**DATA BLOCK**

-------

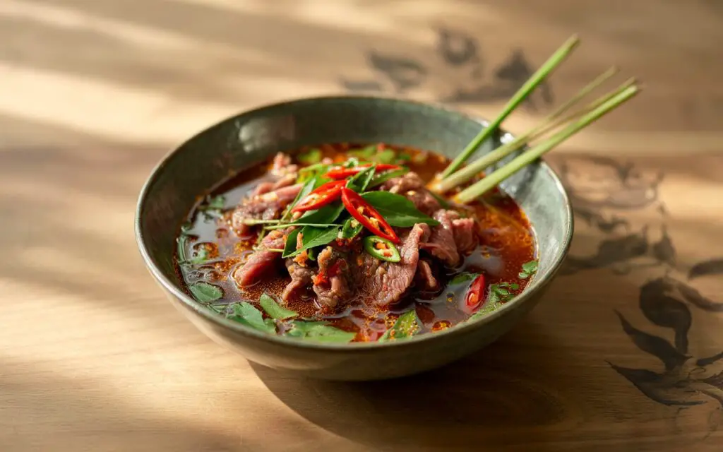 Inspired by my travels throughout Thailand and the dynamic flavors of its cuisine, Spicy Thai Beef Soup reflects the perfect marriage of heat, acidity, and savory depth. The dish is a modern adaptation of traditional Thai soups, designed to balance the intensities of local spices with the rich, tender texture of beef. Drawing on the regional culinary practices of using fresh herbs, aromatic spices, and a careful balance of sweet, sour, and spicy elements, I created this recipe as a tribute to the vibrant street food culture of Thailand. This soup captures the essence of Thai cooking—a celebration of fresh ingredients and bold flavors presented in a hearty, soul-warming bowl.
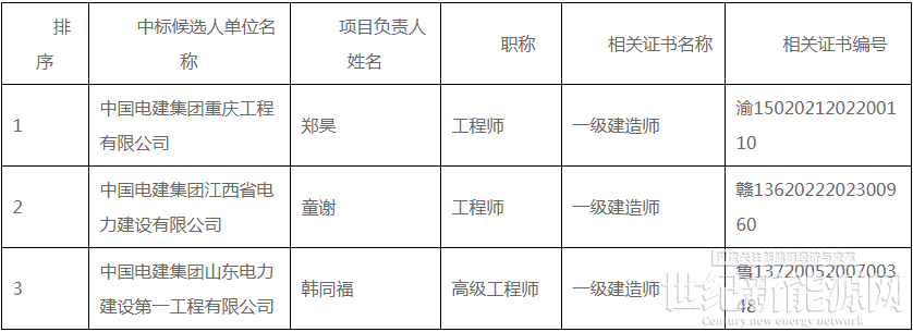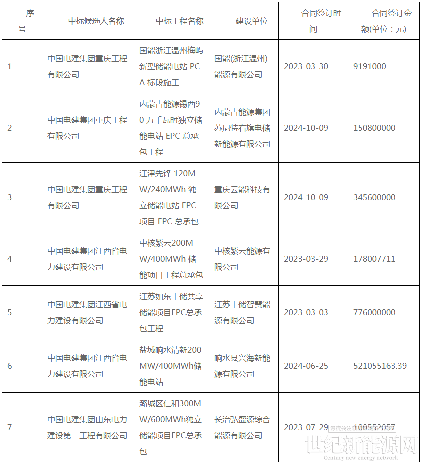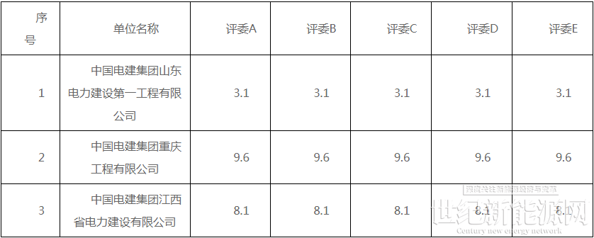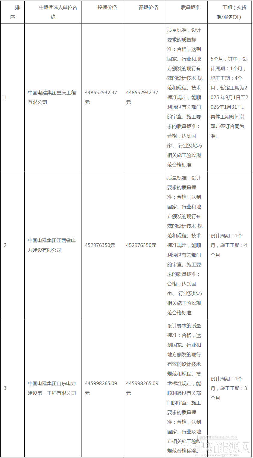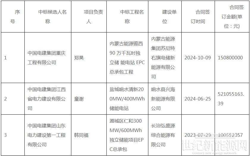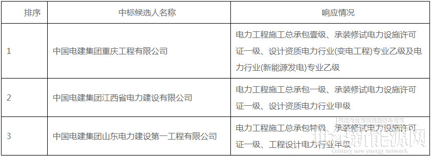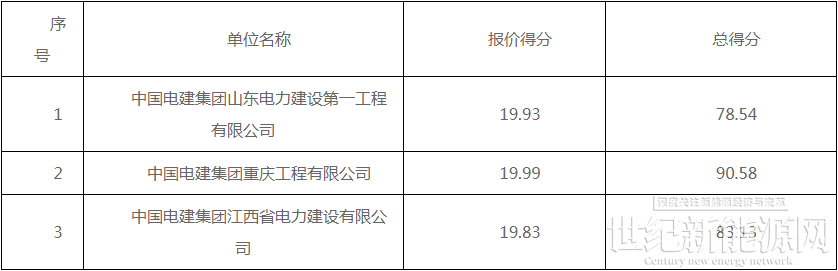 公告显示,项目第一中标候选人为中国电建集团重庆工程有限公司,投标报价为448552942.37元,折合单价1.1214元/Wh;第二中标候选人为中国电建集团江西省电力建设有限公司,投标报价为452976350元,折合单价1.1324元/Wh;第三中标候选人为中国电建集团山东电力建设第一工程有限公司,投标报价为445998265.09元,折合单价1.115元/Wh。
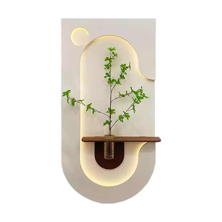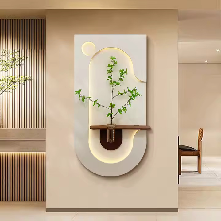 “Modern Glow: Illuminated Wall Art with Natural Accents”
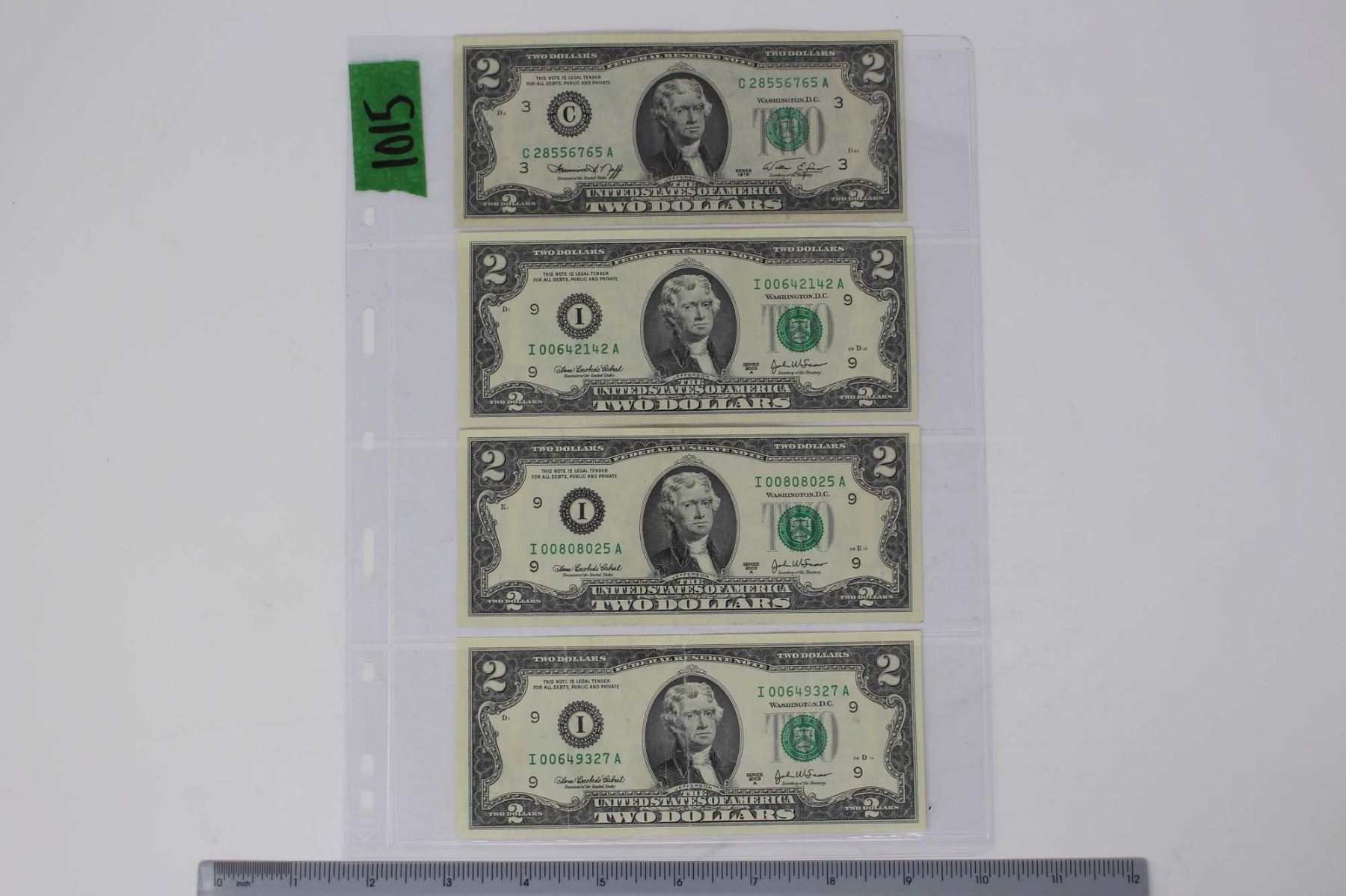 Lot of 4 1976 & 2003 A - 2 Dollar American Bank Notes

-------

**TASK OBJECTIVE**
Write the lines from the line containing "公告显示,项目第一中标候选人" through the last line of the data out again exactly, and only those lines; pictures stay out.

**RESPONSE BELOW**
 公告显示,项目第一中标候选人为中国电建集团重庆工程有限公司,投标报价为448552942.37元,折合单价1.1214元/Wh;第二中标候选人为中国电建集团江西省电力建设有限公司,投标报价为452976350元,折合单价1.1324元/Wh;第三中标候选人为中国电建集团山东电力建设第一工程有限公司,投标报价为445998265.09元,折合单价1.115元/Wh。
 “Modern Glow: Illuminated Wall Art with Natural Accents”
 Lot of 4 1976 & 2003 A - 2 Dollar American Bank Notes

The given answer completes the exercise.